A stand of Greenland Holding Group Co Ltd at a housing expo in Shanghai. Greenland said on Sunday that its sale value in 2014 rose 48 percent to 240.8 billion yuan ($38.7 billion). Provided to China Daily
Greenland Holding overtakes Vanke as top developer in China
Rankings in China's real estate sector had undergone a major change by the end of 2014, with Shanghai-based Greenland Holding Group Co Ltd displacing China Vanke Co Ltd as the largest developer in terms of sales value and volume.
Greenland said on Sunday that its pre-sale value in 2014 rose 48 percent to 240.8 billion yuan ($38.7 billion). The company's pre-sale volume rose 27.4 percent to 21.15 million square meters in the year. Though China Vanke has not yet announced its sales numbers for 2014, private research institutions have estimated the company's pre-sale value at between 212 billion yuan and 218 billion yuan. That means it is almost certain that the Shenzhen-based developer would cede its long-held top slot to Greenland.
Greenland had in 2013 already surpassed China Vanke in terms of the sold floor space, but failed to eclipse the latter in value terms. If private institutions' estimates are accurate, Greenland will certainly end China Vanke's dominant position that could be traced back at least to 2002.
Greenland's ascendance could also be attributed to robust sales in overseas markets and handsome returns from commercial property. Revenue from overseas market surged more than 400 percent to 15.3 billion yuan, the company said.
China Vanke, on the other hand, has been focusing more on the domestic market and residential property sector.
Another recipe for Greenland's success has been its strategy to integrate home sales with urban development. Greenland has fostered good relations with local governments and signed contracts with them to plan and develop new urban areas, which enabled the company to acquire land at low prices.
In 2014, land sales totaled 1.03 billion square meters in the country, a decline of 31 percent year-on-year; and land sales revenue stood at 2.3 trillion yuan, a drop of 28 percent from the 2013 figure, according to China Index Academy, the research branch of SouFun Holdings Ltd.
However, some experts have suggested that Greenland's advantages could very well turn out to be disadvantages in the future. Engaging in urban development means hefty pre-investment, which would be a drag on the company's cash flow before a project becomes really profitable, they said.
Realizing the problem, China Vanke has in recent years concentrated on a "fast asset turnover" strategy, in which it has made every effort to ensure built homes are sold and payments are received in a timely manner.
"China Vanke and Greenland are walking on totally different paths. China Vanke in recent years has focused its business on residential property development. It has gained inspiration from the Internet industry, which cherishes 'light assets', decentralized management, and brand value enhancement," said Zhu Yiming, a researcher with China Real Estate Information Corp.

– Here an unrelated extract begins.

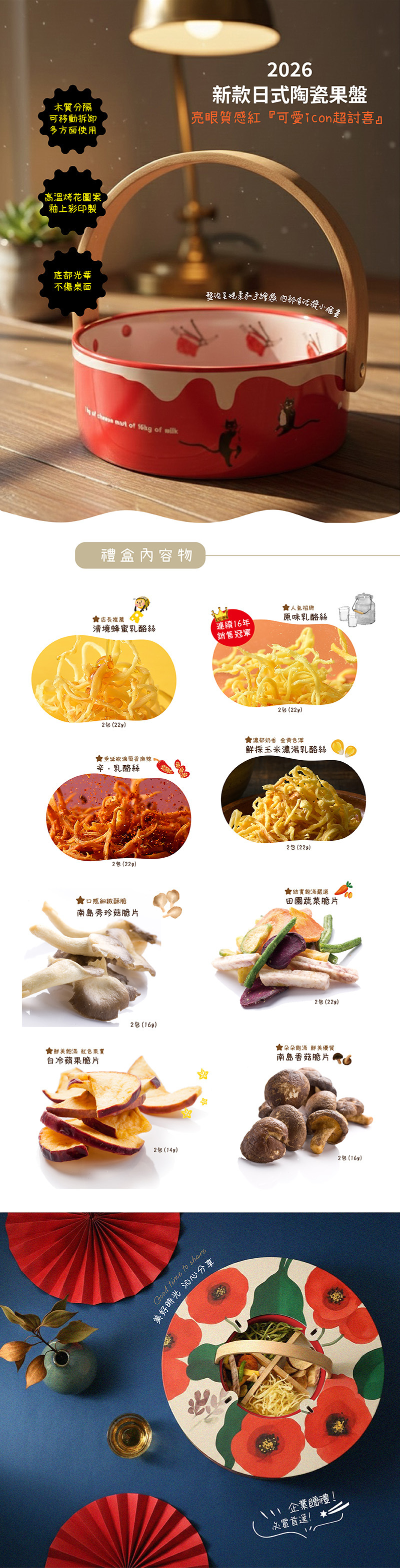 內 容 物|原味乳酪絲(奶素)22g*2入、蜂蜜乳酪絲(奶素)22g*2入、辛.乳酪絲(奶素)22g*2入、玉米濃湯乳酪絲(奶素)22g*2入、田園蔬菜脆片22g*2入、白冷蘋果脆片14g*2入、南島香菇脆片16g*2入、南島秀珍菇16g*2入 (禮盒內容物遇缺貨,同等值商品替代)

"Greenland, however, em- phasizes on multiple-businesses and cross-border operations. Besides real estate, it has also tapped into finance, energy, hotel and automobile businesses. Hopefully some kind of synergy could be achieved," Zhu said.
China Vanke has tried to play down the significance of Greenland's rapid growth, with its president indicating that "scale" is not what the company is going after.
"Scale could be a double-edged sword. It means economy of scale. But it could also mean greater resource occupancy, and more inventory. In the 'silver era' of property industry, excess inventory is a burden, not a wealth; imprudent investment means risks, not chances," China Vanke President Yu Liang said.